▶ **SOURCE INFORMATION**:
##########

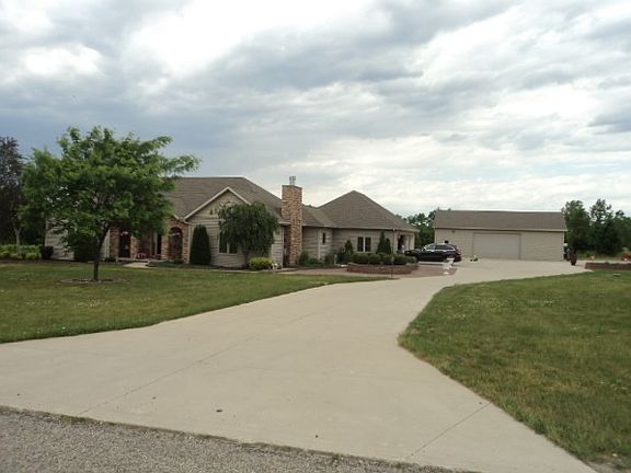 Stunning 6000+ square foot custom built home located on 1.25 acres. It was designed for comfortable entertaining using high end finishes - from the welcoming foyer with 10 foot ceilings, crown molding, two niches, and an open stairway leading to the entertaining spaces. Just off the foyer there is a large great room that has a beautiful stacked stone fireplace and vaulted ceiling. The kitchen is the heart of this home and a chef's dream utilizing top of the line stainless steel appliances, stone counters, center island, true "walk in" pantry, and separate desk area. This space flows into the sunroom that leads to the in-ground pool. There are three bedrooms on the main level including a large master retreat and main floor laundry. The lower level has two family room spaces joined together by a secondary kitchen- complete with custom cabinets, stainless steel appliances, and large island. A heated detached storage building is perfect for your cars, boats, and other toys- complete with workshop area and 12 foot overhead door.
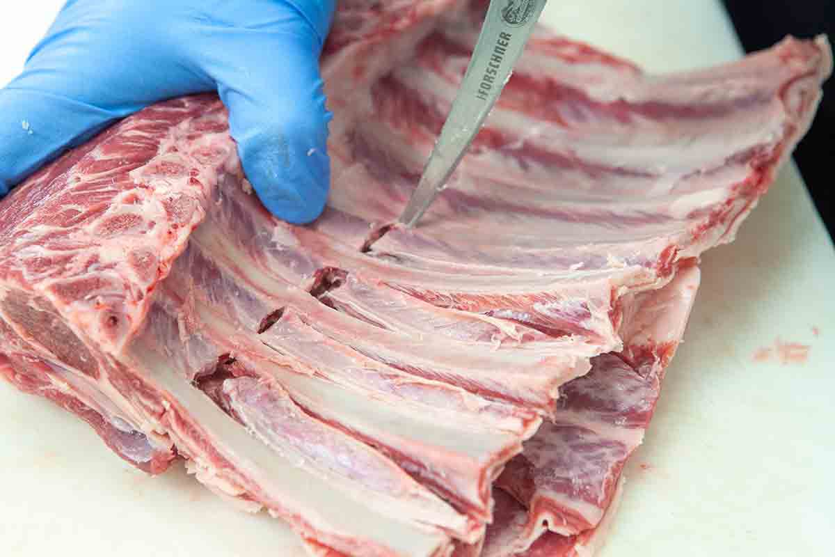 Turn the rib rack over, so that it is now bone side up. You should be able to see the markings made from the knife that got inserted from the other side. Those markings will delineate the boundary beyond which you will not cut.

##########

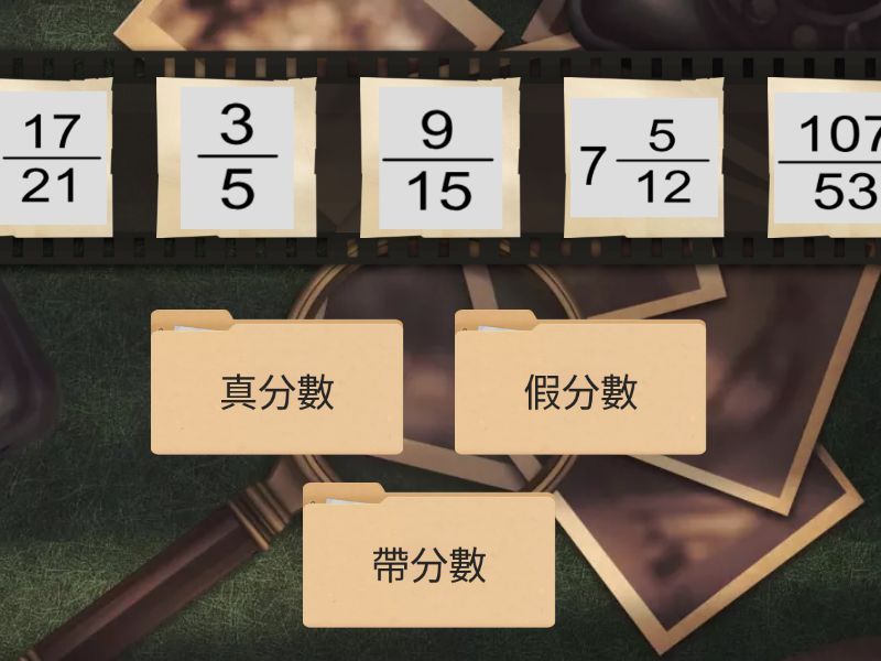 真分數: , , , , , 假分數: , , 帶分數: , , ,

##########

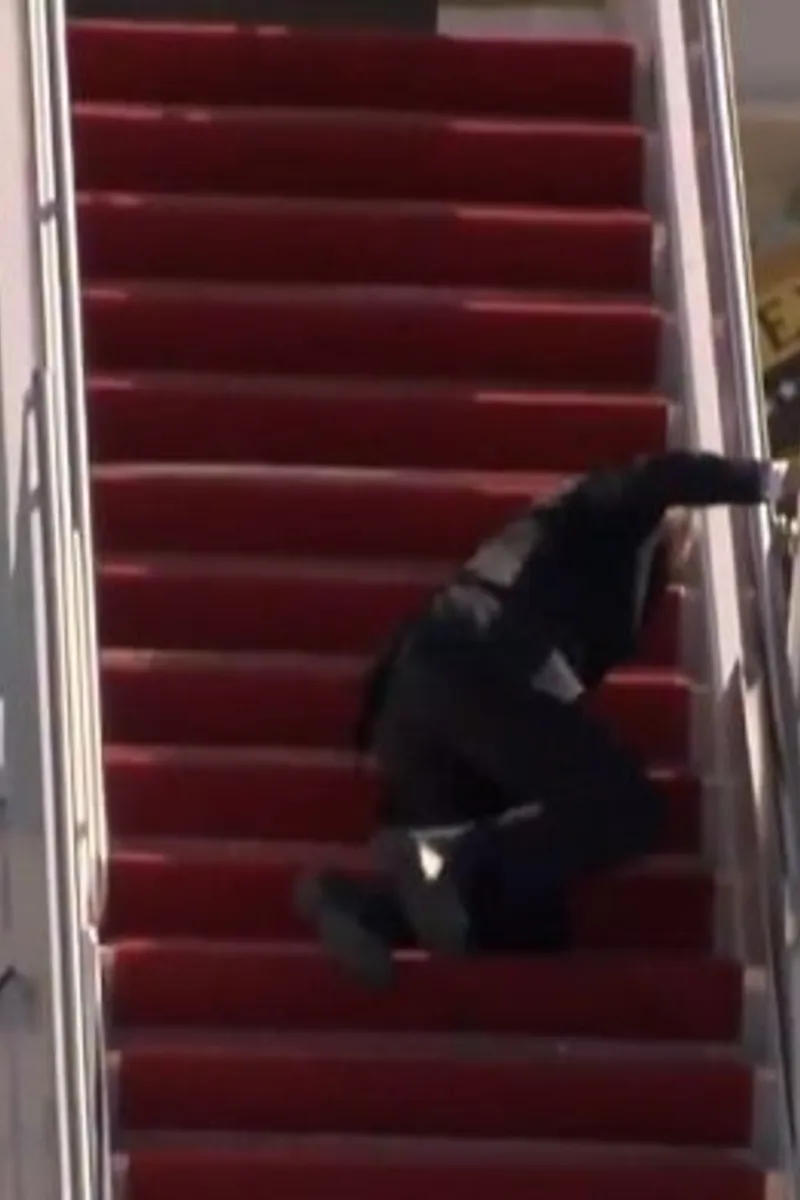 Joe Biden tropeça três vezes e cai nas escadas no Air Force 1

##########

Copy out exactly the lines above beginning with the line that contains "Stunning 6000+ square" and finishing with the line that contains "Turn the rib", including both; leave the pictures out.

 Stunning 6000+ square foot custom built home located on 1.25 acres. It was designed for comfortable entertaining using high end finishes - from the welcoming foyer with 10 foot ceilings, crown molding, two niches, and an open stairway leading to the entertaining spaces. Just off the foyer there is a large great room that has a beautiful stacked stone fireplace and vaulted ceiling. The kitchen is the heart of this home and a chef's dream utilizing top of the line stainless steel appliances, stone counters, center island, true "walk in" pantry, and separate desk area. This space flows into the sunroom that leads to the in-ground pool. There are three bedrooms on the main level including a large master retreat and main floor laundry. The lower level has two family room spaces joined together by a secondary kitchen- complete with custom cabinets, stainless steel appliances, and large island. A heated detached storage building is perfect for your cars, boats, and other toys- complete with workshop area and 12 foot overhead door.
 Turn the rib rack over, so that it is now bone side up. You should be able to see the markings made from the knife that got inserted from the other side. Those markings will delineate the boundary beyond which you will not cut.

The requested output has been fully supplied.